[[ AVAILABLE DATA open ]]
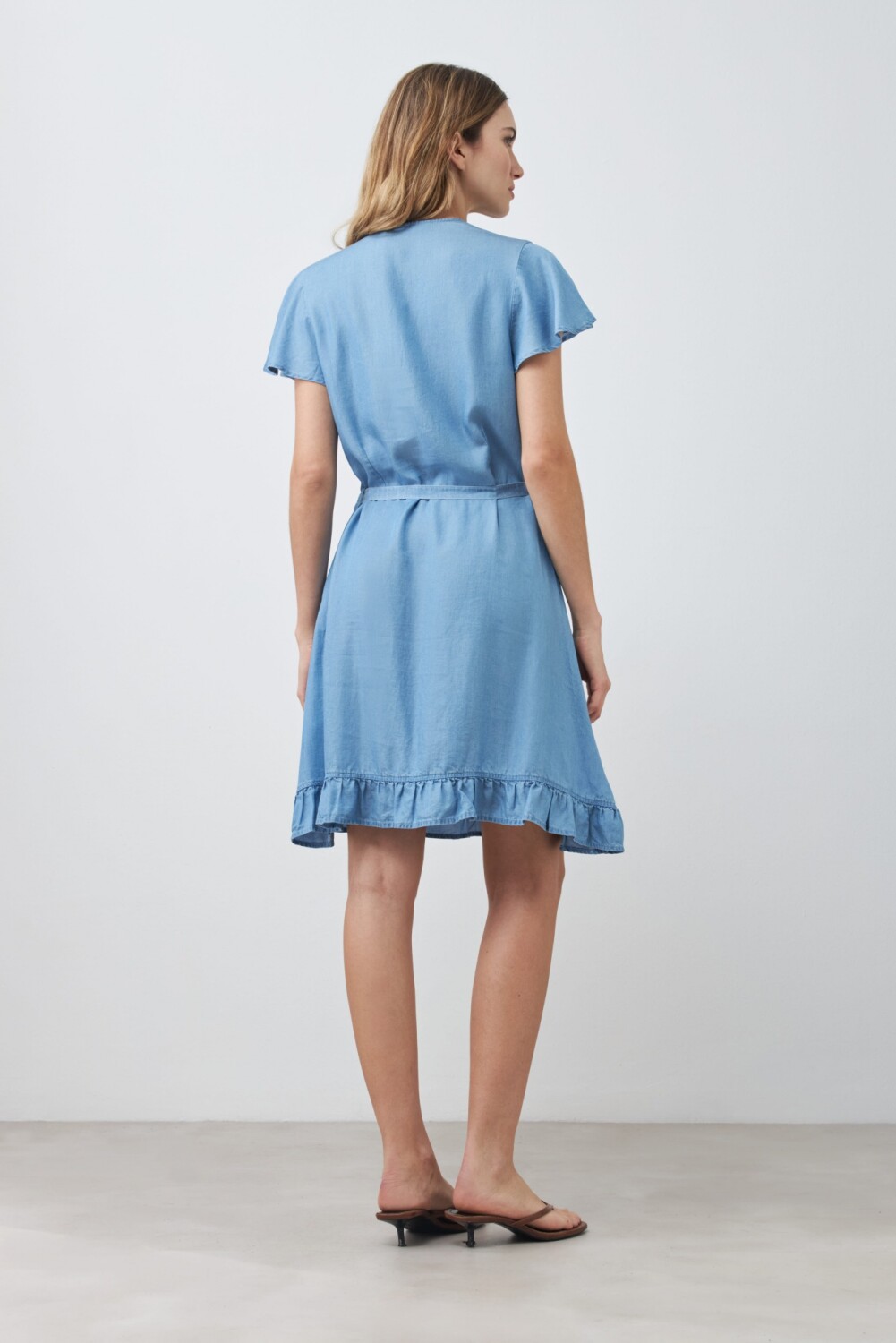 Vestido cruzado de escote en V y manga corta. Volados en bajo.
[[ AVAILABLE DATA closed ]]
[[ AVAILABLE DATA open ]]
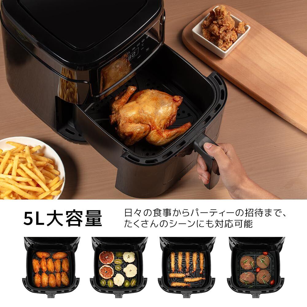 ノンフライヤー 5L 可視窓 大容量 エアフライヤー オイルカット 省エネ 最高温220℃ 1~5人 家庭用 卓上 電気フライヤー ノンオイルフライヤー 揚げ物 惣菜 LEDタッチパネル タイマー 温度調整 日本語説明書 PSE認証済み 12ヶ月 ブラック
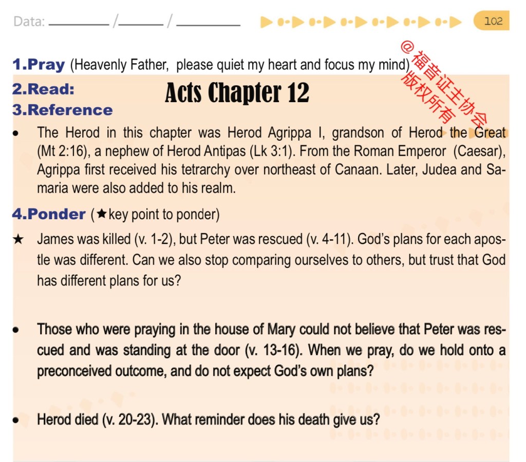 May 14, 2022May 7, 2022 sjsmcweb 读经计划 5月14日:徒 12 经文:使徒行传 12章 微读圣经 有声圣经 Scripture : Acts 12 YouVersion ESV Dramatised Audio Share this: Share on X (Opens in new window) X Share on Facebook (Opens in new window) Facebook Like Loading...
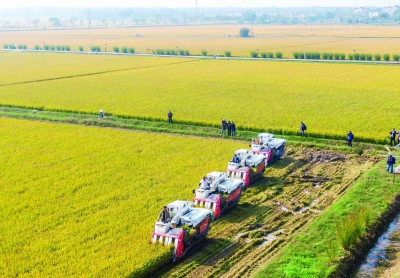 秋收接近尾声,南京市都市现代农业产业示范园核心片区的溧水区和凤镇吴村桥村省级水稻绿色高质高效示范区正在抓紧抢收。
[[ AVAILABLE DATA closed ]]
[[ AVAILABLE DATA open ]]
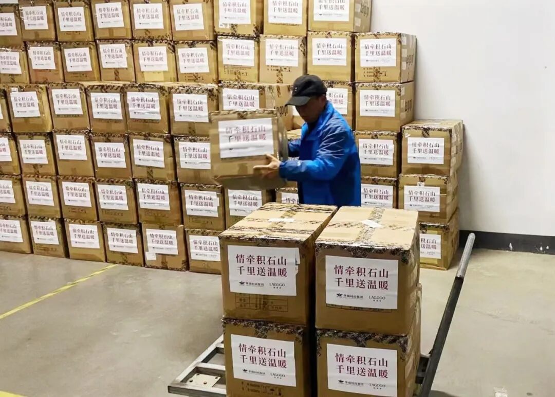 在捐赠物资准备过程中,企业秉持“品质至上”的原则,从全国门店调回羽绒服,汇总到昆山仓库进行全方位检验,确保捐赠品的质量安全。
[[ AVAILABLE DATA closed ]]
◆ WHAT YOU SHOULD DO ◆
Look above for the line with "May 14, 2022May" and the line with "秋收接近尾声,南京市都市现代"; set down those two lines and all lines between them exactly, without pictures and without anything else.

◆ SOLUTION TO THIS EXERCISE ◆
 May 14, 2022May 7, 2022 sjsmcweb 读经计划 5月14日:徒 12 经文:使徒行传 12章 微读圣经 有声圣经 Scripture : Acts 12 YouVersion ESV Dramatised Audio Share this: Share on X (Opens in new window) X Share on Facebook (Opens in new window) Facebook Like Loading...
 秋收接近尾声,南京市都市现代农业产业示范园核心片区的溧水区和凤镇吴村桥村省级水稻绿色高质高效示范区正在抓紧抢收。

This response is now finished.